Монах, по-видимому, ожидал этот вопрос; он подошел к Эгмонту поближе и тихо ответил:

— Вы требуете, граф, много доверия — больше, чем, кажется, намерены оказать его с вашей стороны; но вы и заслуживаете этого. Я мог бы ответить вам: «Прежде сообщите мне ваше решение» — но пусть будет так, как вы желаете. Видите ли граф, есть две вещи, которыми открываются дороги ко всем тайнам, двери во все помещения, пути ко всем целям — твердое сердечное убеждение, ибо оно неодолимо привлекает к человеку все сердца, и золото в щедрой руке, ибо оно покупает себе всюду руки. Я владею и тем, и другим. Если вы согласитесь на мое условие, то я отдам вам эту рясу, и вы, укутавшись в нее, дойдете по моему указанию до задней двери, которую отопрет вам стоящий там испанский солдат. Как только вы переступите за нее, вас возьмет за руку человек, которым вы будете проведены совершенно безопасно на место, где ждет вас благородный конь. Садитесь на него, и тогда я буду знать, что граф Эгмонт свободен: лучший ездок нашего времени в несколько часов достигнет лагеря своего друга, который примет его с радостно распростертыми объятиями. А теперь довольно слов, потому что об ожидающей меня судьбе вам нечего заботиться: я принял все меры. Итак, граф, скорее — решайтесь!

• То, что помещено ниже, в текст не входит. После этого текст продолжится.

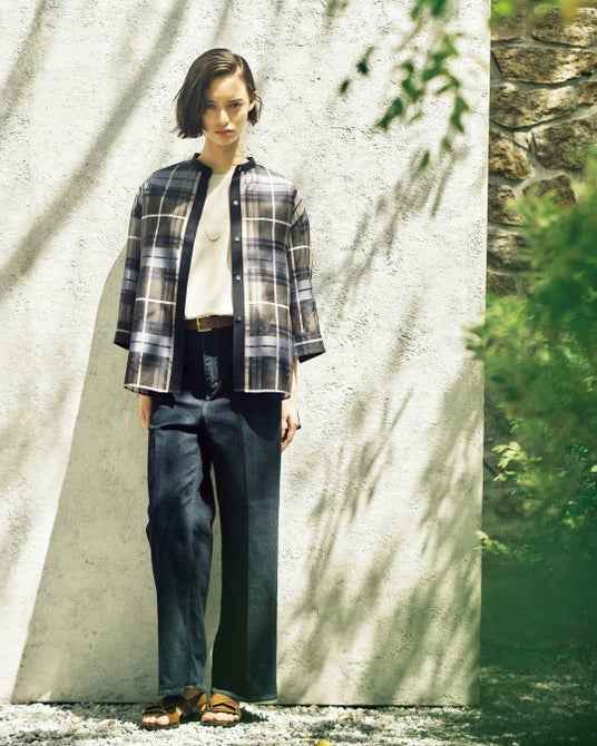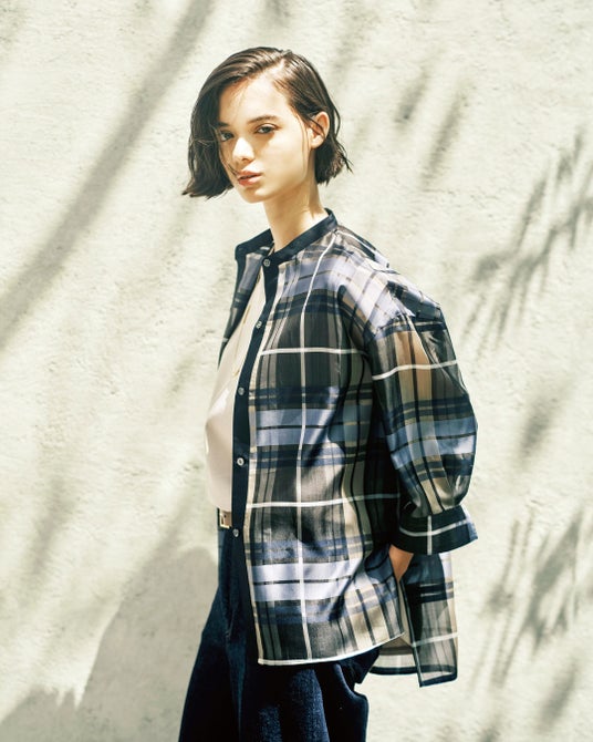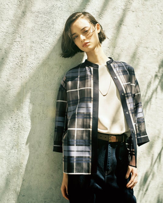この度、趣のある海外のアンティークチェック柄に魅せられて着想した、オリジナルのチェック柄シルク混生地でシャツとブラウスを展開します。糸の染めは京都で、織りは群馬県の桐生で作り上げた日本製です。2025年6月12日(木)から全国のコムサ・ステージやコムサ・プラチナの店舗、オンラインストアなどで販売します。

Пламенный взгляд францисканца был устремлен на графа. И так пристален был этот взгляд, что темнота в зале не могла помешать монаху ясно видеть все, отражавшееся на лице Эгмонта. И тут он скоро открыл, что даже его страстная речь не воспламенила графа. Напротив, Эгмонтом овладевало все большее беспокойство: он то ходил взад и вперед, то скрещивал на груди руки, то задумчиво опускал голову. Наступила продолжительная пауза. Тем спокойнее и хладнокровнее оставался монах. Неподвижно стоял он перед графом, обратив глаза в противоположную сторону, как будто дело уже не касалось его, и он был занят другими мыслями. Наконец граф поднял голову, подошел к монаху, протянул ему руку и сказал:

— Кто бы ты ни был, монах, и каковы бы ни были твои намерения, но ты — искуситель, желающий воспользоваться грозящей мне опасностью, чтобы соблазнить меня. А-а! Вы считаете графа Эгмонта легкомысленным, добродушным и слабым человеком — но вы ошибаетесь. В незначительных вещах он, может быть, и таков, но в задаче своей жизни он всегда оставался твердым, непоколебимым, верным себе и на словах, и на деле! Я принес королю присягу в верности и никогда не нарушу ее. Все за права моего народа, но ничего против власти короля! Несчастное ослепление с обеих сторон! Но я не могу излечить «его и не могу служить одной стороне на пагубу другой. И разве эта война не принесет еще больших бедствий этой цветущей стране, разве она разрушит их города, уничтожит их обитателей, разорит их не сильнее, чем подчинение врагу до наступления более счастливой поры? Этот народ — я хорошо знаю его — силен в часы опасности, но слаб в день победы; он не в состоянии закрепить за собой свой успех; его рука дрожит, когда ему приходится отдавать гроши на покупку оружия, долженствующего защитить его от смертельного врага. Принц Оранский ничего не добьется, потому что торгаши никогда не дадут ему вовремя необходимых средств… А я? Если бы я даже нарушил мою присягу, принес новую, бежал из этой тюрьмы, то что бы ожидало меня? Конфискация моего имущества, отнятие земель, нищенские скитания по разным дворам с женой и детьми… Нет-нет, я уверен в помиловании; император Максимилиан собственноручно писал моей жене, что король дал ему слово не делать мне ничего дурного и обратить мой последний шаг в первый к новой жизни и новым почестям; мне следует только оставаться твердым в испытании которое должно доказать мою верность… И кто же поручится мне, что вы, монах, которого я вижу сегодня впервые, не креатура той же инквизиции, не наемник моего врага Альбы, которому вменено в обязанность подвинуть меня на такой шаг, чтобы восстановить против меня короля, и тогда уже получить полное основание к исполнению приговора? Идите, идите, я буду ждать и не поддамся обману, верность всегда одерживает победу.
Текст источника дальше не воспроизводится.